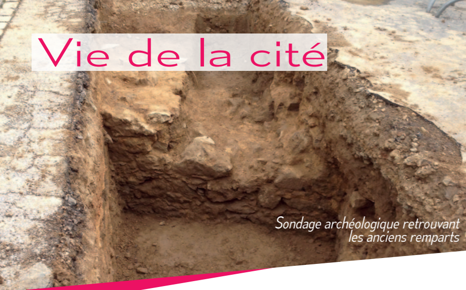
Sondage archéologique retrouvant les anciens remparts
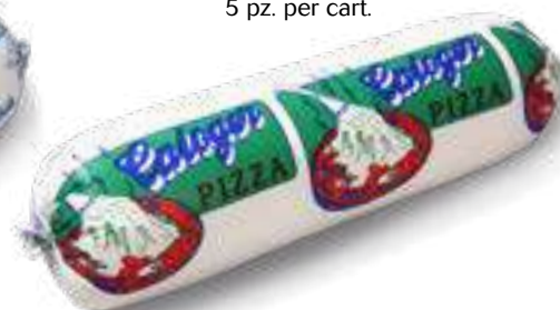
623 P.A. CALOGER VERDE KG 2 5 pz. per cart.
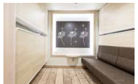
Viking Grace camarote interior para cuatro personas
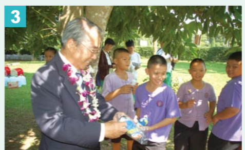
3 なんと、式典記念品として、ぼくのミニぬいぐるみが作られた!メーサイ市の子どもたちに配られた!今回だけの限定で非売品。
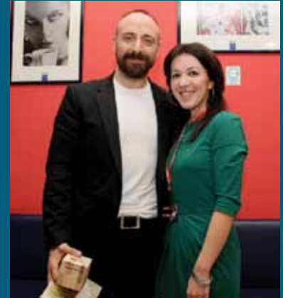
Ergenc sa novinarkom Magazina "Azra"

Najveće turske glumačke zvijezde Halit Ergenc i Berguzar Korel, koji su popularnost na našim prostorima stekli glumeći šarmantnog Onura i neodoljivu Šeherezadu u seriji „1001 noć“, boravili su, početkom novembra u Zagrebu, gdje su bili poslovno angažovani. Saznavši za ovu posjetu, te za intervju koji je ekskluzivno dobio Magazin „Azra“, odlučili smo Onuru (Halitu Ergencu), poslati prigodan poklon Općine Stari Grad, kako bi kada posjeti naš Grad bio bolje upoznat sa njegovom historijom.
● ● ● ● ●
What this task involves:
Only the lines from the one with "Ergenc sa novinarkom" to the end of the listing are wanted. Print them exactly, keeping both ends.

Your solution:
Ergenc sa novinarkom Magazina "Azra"

Najveće turske glumačke zvijezde Halit Ergenc i Berguzar Korel, koji su popularnost na našim prostorima stekli glumeći šarmantnog Onura i neodoljivu Šeherezadu u seriji „1001 noć“, boravili su, početkom novembra u Zagrebu, gdje su bili poslovno angažovani. Saznavši za ovu posjetu, te za intervju koji je ekskluzivno dobio Magazin „Azra“, odlučili smo Onuru (Halitu Ergencu), poslati prigodan poklon Općine Stari Grad, kako bi kada posjeti naš Grad bio bolje upoznat sa njegovom historijom.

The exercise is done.